I think the proper solution would be to manually close the stdin pipe from the parent. Any idea how?
I think the proper solution would be to manually close the stdin pipe from the parent.
Yeah, I agree. That’s what piping from echo
does, too.
Does execSync
not close stdin after writing the input? That would seem like a bug to me…
@addaleax the issue seems to actually be with exec
not closing it, execSync
works. Example:
child.js
(simply echoes stdin to stdout)
let ret = '';
process.stdin.on('readable', () => {
let chunk;
while (chunk = process.stdin.read()) ret += chunk;
});
process.stdin.on('end', () => {
process.stdout.write(ret);
});
$ node -e "require('child_process').execSync('node child.js')" # works
$ node -e "require('child_process').exec('node child.js')" # hangs
@silverwind Right… exec
gives you a child process object, and calling .stdin.end();
should ”fix” the problem…
I’m not sure there is a way for Node to deviate from requiring an explicit stdin.end();
?
.stdin.end()
works, but interestingly, .execFile
, which also returns a ChildProcess does not require it
Nevermind my last comment, I had the wrong usage. All async methods are affected.
So it looks like the behaviour is actually documented:
Note that if a child process waits to read all of its input, the child will not continue until this stream has been closed via end().
execSync
, execFileSync
and spawnSync
get arount this limitation because they know beforehand when stdin ends through the input
option.
The async methods on the other hand support pushing data to the child's stdin anytime during execution. I can see some use of this for fork
and possibly spawn
, but not so much for exec
and execSync
, which in my eyes are more geared towards being used for simple one-shot commands, which don't involve a stdin pipe.
We could solve it by adding the input
options to exec
, execFile
and possibly spawn
and close stdin once the data has been pushed through. It'd be semver-major.

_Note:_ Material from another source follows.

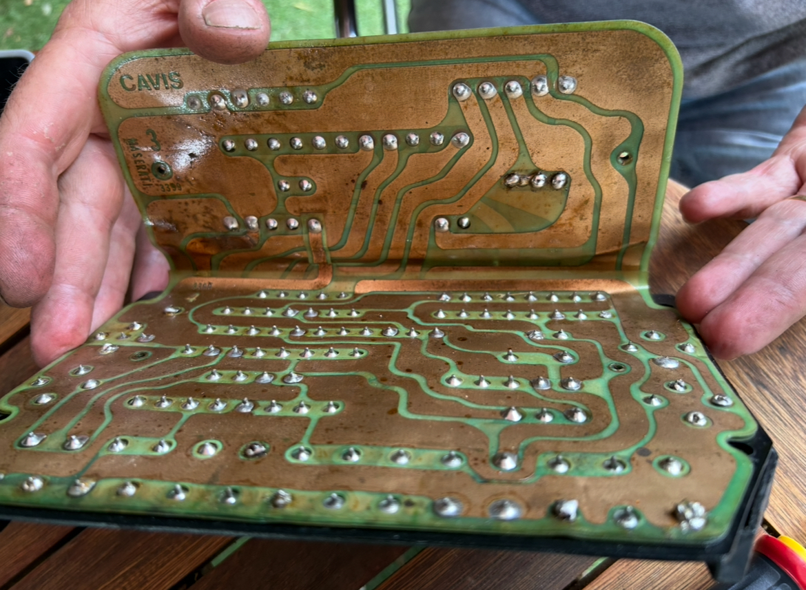 À l’intérieur du boîtier on découvre la carte circuits imprimés en « porte feuille » , comme on faisait à l’époque. Souvent ça craquait à la pliure mais celle ci n’est pas trop mal malgré une drôle de couleur à gauche :

I wonder if this issue could be solved on the spawned child's end. Take this simple example:
process.stdin.on('end', () => console.log('end'));
process.stdin.resume();
This will not log 'end'
when ran with node script.js
, but will with printf '' | node script.js
. Timeout-based approaches were suggested, but I wonder if there are ways to detect if there's nothing on stdin
that don't involve the unreliable isTTY
property.
I don't understand what problem you're trying to solve. Just call .end() when you have nothing left to send to the child.
Just call .end() when you have nothing left to send
That's what I want to avoid. There's a lot code out there that does not call .end()
and I think the expected behaviour would be that the async spawning methods automatically close stdin, just like sync variants already do.
process.stdin.on('end', () => console.log('end')); process.stdin.resume();This will not log
'end'
when ran withnode script.js
, but will withprintf '' | node script.js
.
I feel the current behavior is the intended one. What I mean is that, currently it is possible to make a functional replica of the cat(1) command (without arguments):
process.stdin.on('data', buf => process.stdout.write(buf));
If this behavior is "fixed", and an end event is automatically emitted when the command is directly called w/o shell pipes, I wouldn't see a way of writing this.
Your other example child.js (#2339 (comment)) is almost an exact replica of the sponge(1) command feature-wise, and the same question may be asked of that as well.
Is this close-able? Or should it stay open?
I don't think there is consensus that this is a bug that needs fixing. I'll close it out.